There are a few limitations, but for the $$$ I couldn't find anything else close.


----------



## John Valdes (May 17, 2007)

Same here. I tried it, then bought it. Only issue I had was its licensed to only one computer here at home. I can use it here on my desktop, but I cannot use it on my laptop unless I buy another copy.
It is easy to use, but requires some patience at first. Good price too.


----------



## electures (Oct 23, 2008)

I like The Constructor by CMH Software. I also allows you to simulate and test the circuit.

http://www.cmhsoftware.com/

It is not free.


----------



## JRaef (Mar 23, 2009)

Generally if you use PLC ladder editors, the results are going to look like PLC programs, not relay ladder diagrams in the old traditional sense. If the output is a text file you may be able to edit it to make it look more like a relay ladder diagram, but it's not exactly the same.

I took a look at wdestar's program, looks nice and the price is right. I don't need it but I'll recommend it to others for sure. I've used The Constructor, it was OK but I thought it was a bit pricey for what it is.

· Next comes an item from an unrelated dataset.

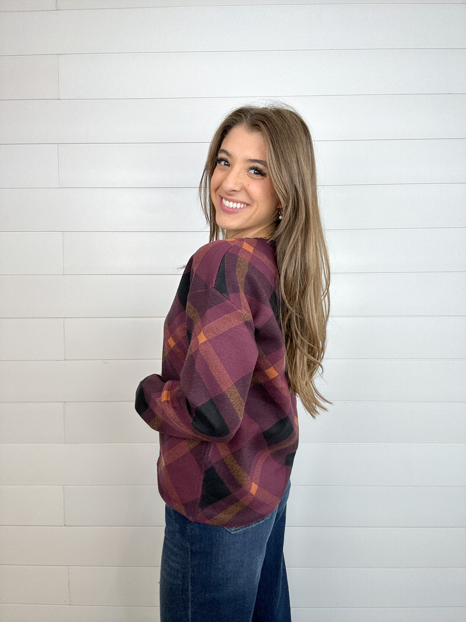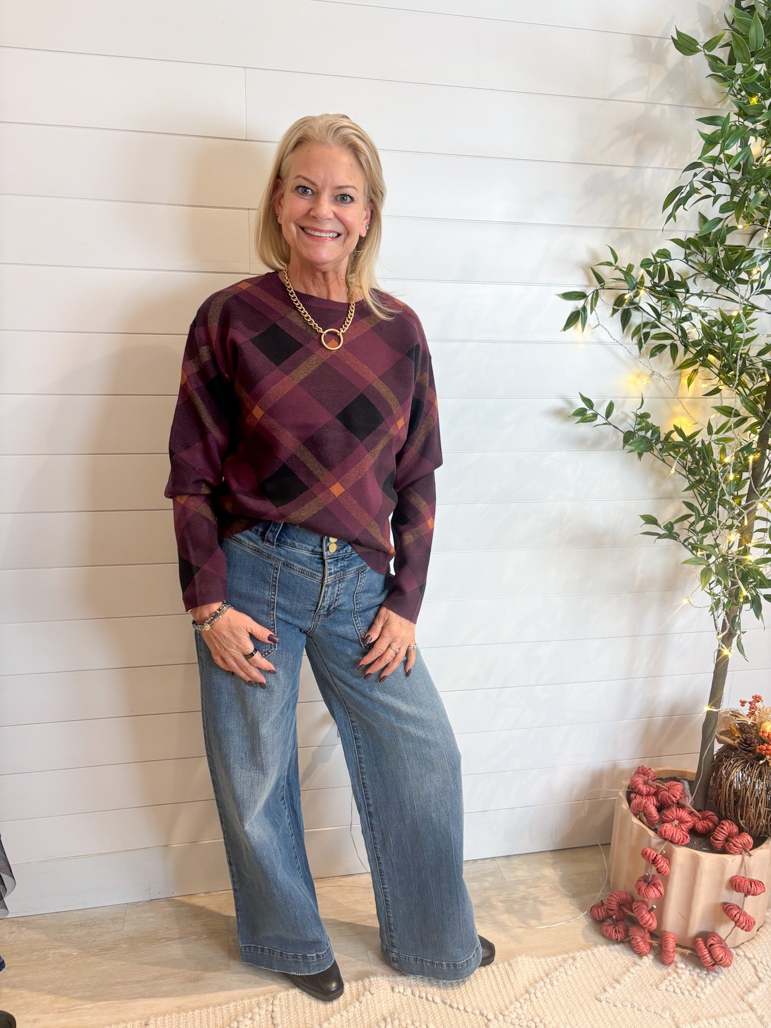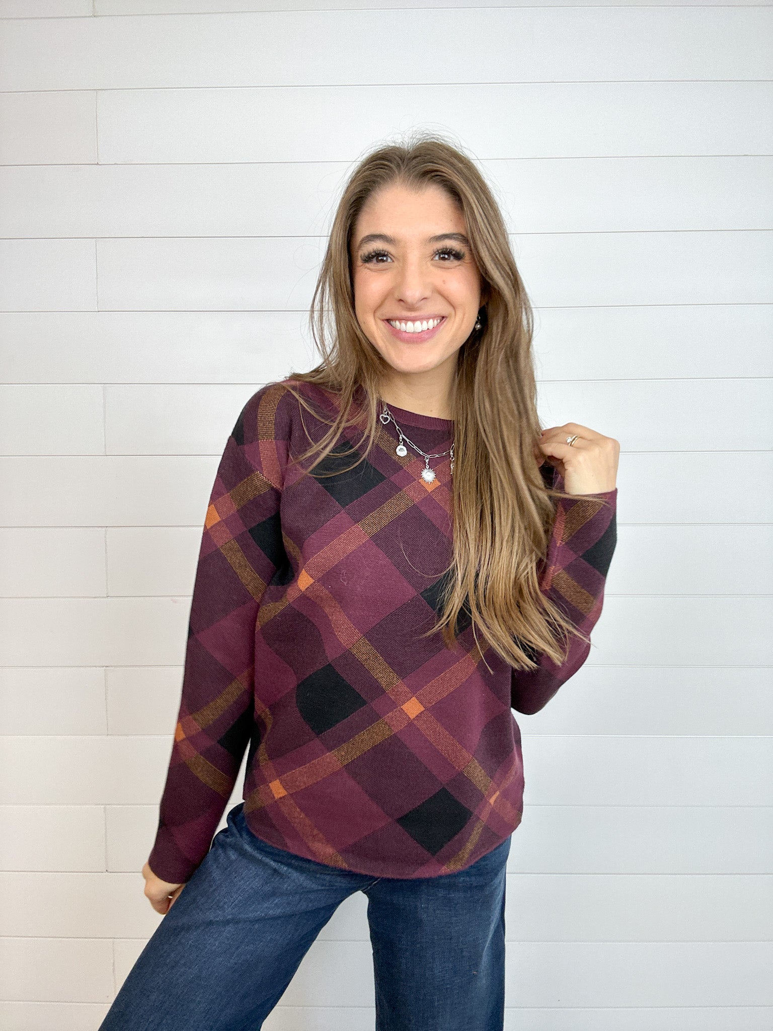 Classic fall vibes get a fresh twist with this Diagonal Plaid Pullover Sweater. Designed in bold, oversized plaid set on the diagonal, it brings movement and personality to a timeless pattern. Crafted from a super soft knit with a crew neckline and long sleeves, it’s the kind of sweater you’ll reach for when crisp days call.

If what you want is to do or learn basic PLC ladder programming, you can download the free software for A-B's Micrologix PLCs. Given that there are more A-B PLCs in use in North America than all other competitors combined, it's a good one to learn on. 

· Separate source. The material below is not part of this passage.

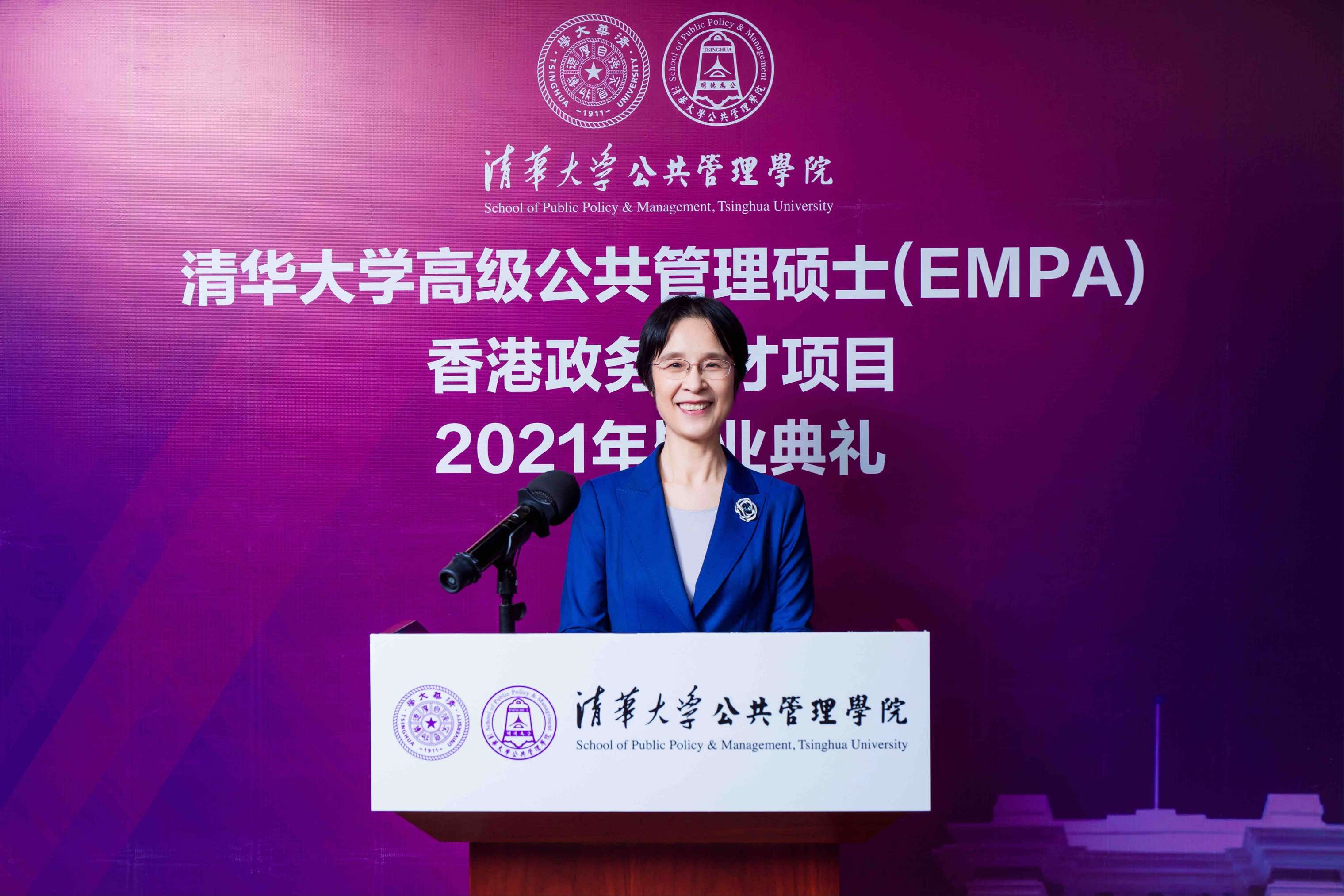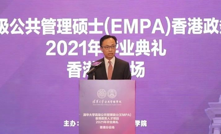6月26日下午,清华大学高级公共管理硕士(EMPA)香港政务人才项目2021年首届毕业典礼以北京主会场和香港分会场现场连线的方式隆重举行。清华大学副校长杨斌教授,清华公管学院院长江小涓教授,香港特别行政区政府公务员事务局局长、太平绅士聂德权先生,全国人大常委会委员、香港再出发大联盟秘书长、项目顾问谭耀宗先生分别在北京及香港两地出席典礼并致辞。清华公管学院党委书记彭宗超教授主持了毕业典礼。

http://www.ab.com/linked/programmablecontrol/plc/micrologix/downloads.html

It's not compatible with the larger more powerful ControlLogix PLCs (i.e. it's not RSLogix software). But from a learning standpoint, it looks and acts the same so it's easy to migrate up later. There is an off-line simulator option for it too, so I've used that to prove out basic relay logic schematics, it's great for that.


----------



## tkb (Jan 21, 2009)

MasterE said:


> Looking for a good (Free ) ladder logic design software program. I am rewiring some equipment and would like to have some sort of diagram when I am finished other than some hand-cad drawing.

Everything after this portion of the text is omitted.